# Work instruction
Restate each of the lines below word for word and drop every picture.

# Data segment
----

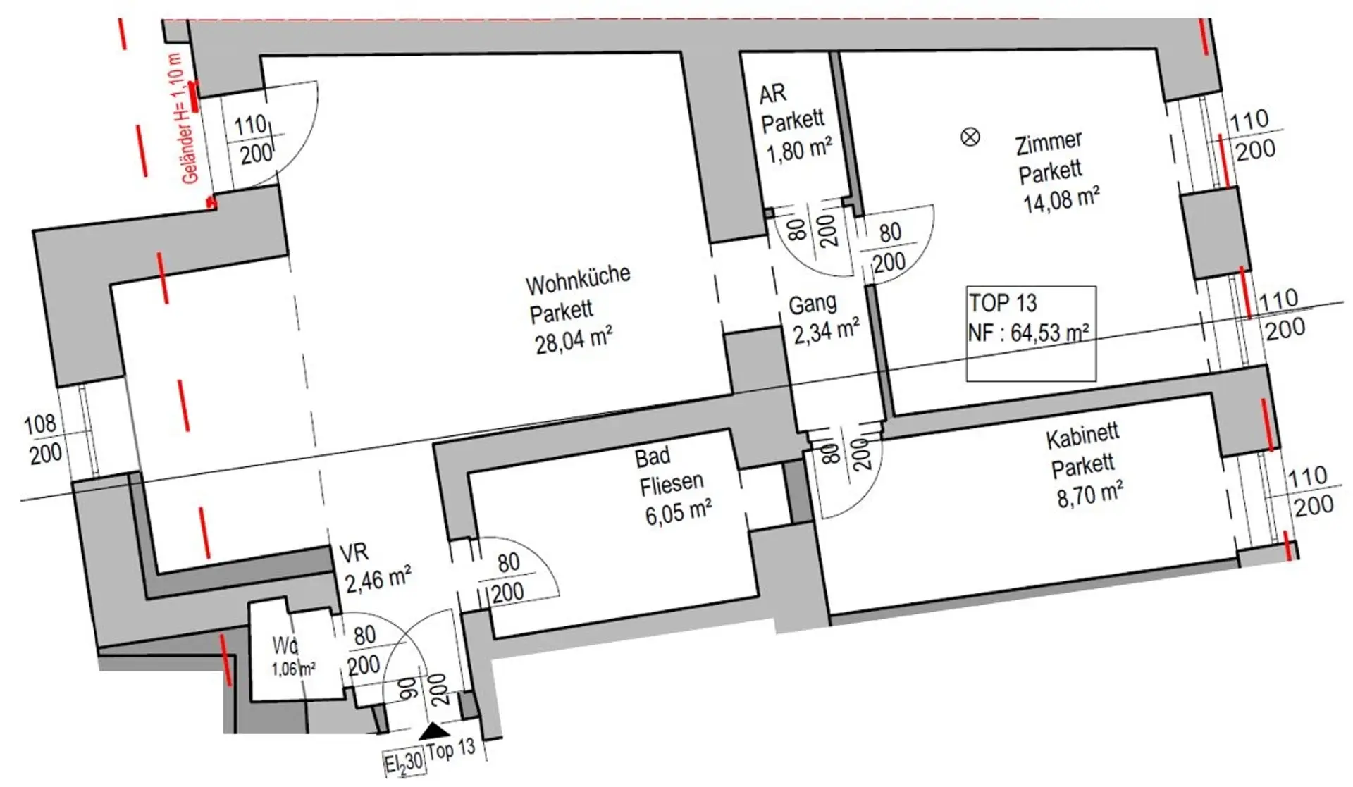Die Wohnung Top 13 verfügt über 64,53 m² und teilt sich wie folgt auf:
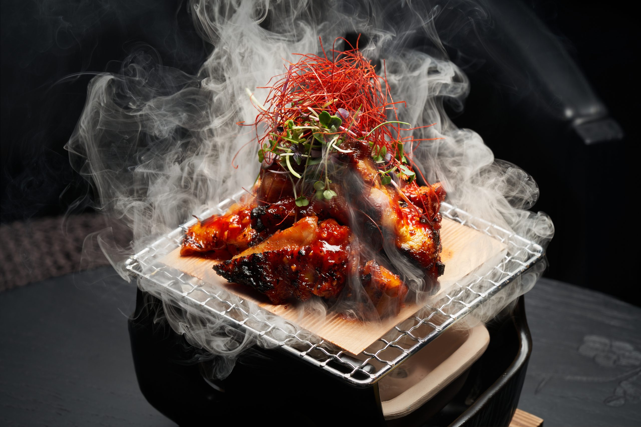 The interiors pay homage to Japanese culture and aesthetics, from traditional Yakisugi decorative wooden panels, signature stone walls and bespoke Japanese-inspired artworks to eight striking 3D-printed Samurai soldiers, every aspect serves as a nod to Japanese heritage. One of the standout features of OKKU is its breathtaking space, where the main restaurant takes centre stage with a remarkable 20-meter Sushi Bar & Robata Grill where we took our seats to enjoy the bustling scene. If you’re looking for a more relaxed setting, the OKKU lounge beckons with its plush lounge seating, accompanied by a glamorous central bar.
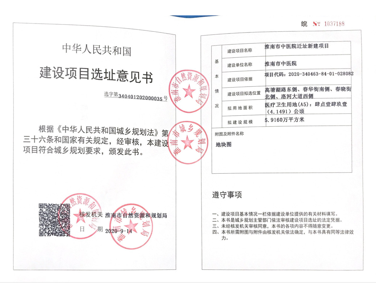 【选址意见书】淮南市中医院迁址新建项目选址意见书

----

# Solution
Die Wohnung Top 13 verfügt über 64,53 m² und teilt sich wie folgt auf:
 The interiors pay homage to Japanese culture and aesthetics, from traditional Yakisugi decorative wooden panels, signature stone walls and bespoke Japanese-inspired artworks to eight striking 3D-printed Samurai soldiers, every aspect serves as a nod to Japanese heritage. One of the standout features of OKKU is its breathtaking space, where the main restaurant takes centre stage with a remarkable 20-meter Sushi Bar & Robata Grill where we took our seats to enjoy the bustling scene. If you’re looking for a more relaxed setting, the OKKU lounge beckons with its plush lounge seating, accompanied by a glamorous central bar.
 【选址意见书】淮南市中医院迁址新建项目选址意见书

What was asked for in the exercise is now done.